The micro-fulfillment centers are a grocery industry trend that most likely will accelerate, according to Baker. Additionally, even before COVID-19 retailers, such as Walmart had begun to look at using autonomous vehicles to make deliveries. At some point in the future, it may be that when you order groceries online, robots will handle much of the process of getting it to you. That could make it a lot easier to get food during future pandemics.

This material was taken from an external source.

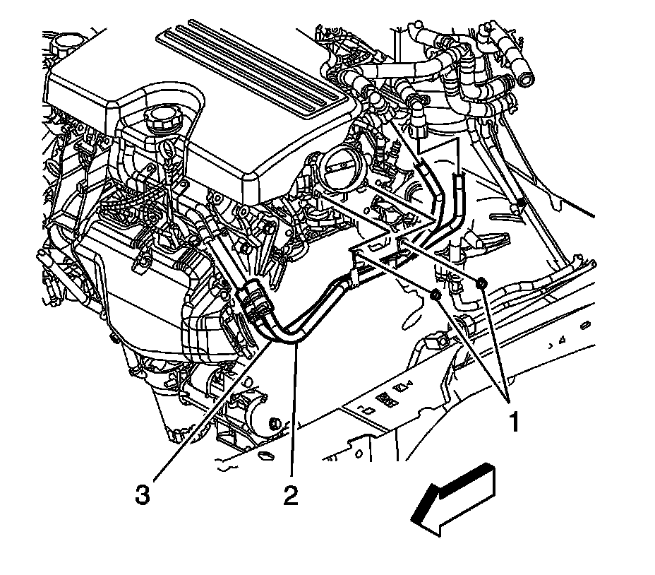14. Install the heater inlet and outlet pipe nuts (1) to the throttle body studs.

For the present, though, U.S. food supply chain will continue to depend upon human labor. Even with added precautions that makes them vulnerable to COVID-19, especially if the virus rapidly spreads in rural areas the way that it has hit urban populations. There are worrisome signs that is already happening. An analysis from the Kaiser Family Foundation showed that mostly rural counties saw a 125 percent increase in coronavirus cases and a 169 percent increase in coronavirus-related deaths in the two weeks prior to April 27, which was higher than cases in metro counties, where a significant part of the U.S. population lives.

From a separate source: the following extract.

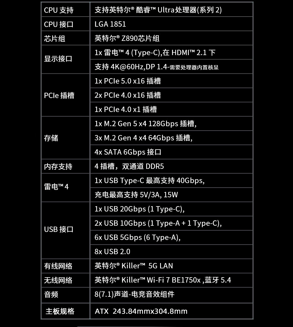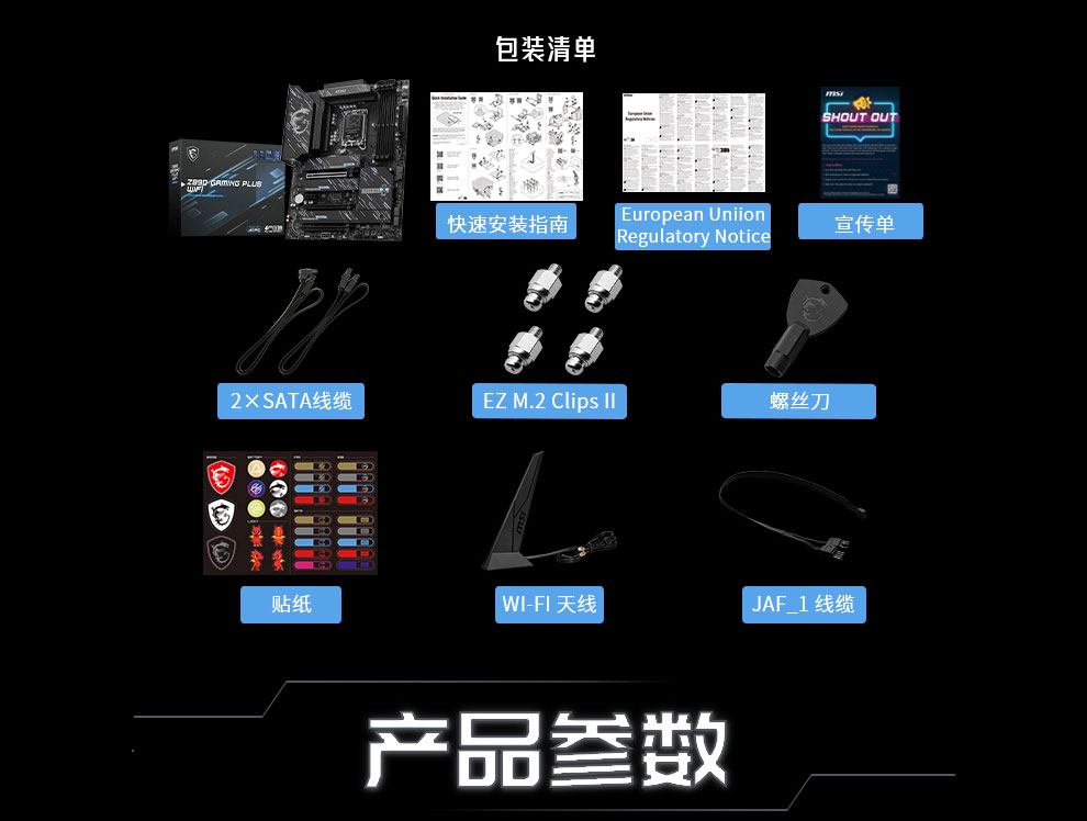 • 商品名称:微星 Z890 GAMING PLUS WIFI主板

"Categories which are produced in indoor, large-scale labor intensive plants (such as meat) are most at risk," explains Karan Girotra, a professor of operations, technology and information management at Cornell University and an expert in supply chain, explains via email. "As social distancing is harder in these factories, employees are financially insecure, labor is often migrant labor, and there is limited access to health care for these employees. So they are vulnerable and given the high level of consolidation, even one facility or one breakout can take significant supply off the market. Labor is the weakest link in these categories."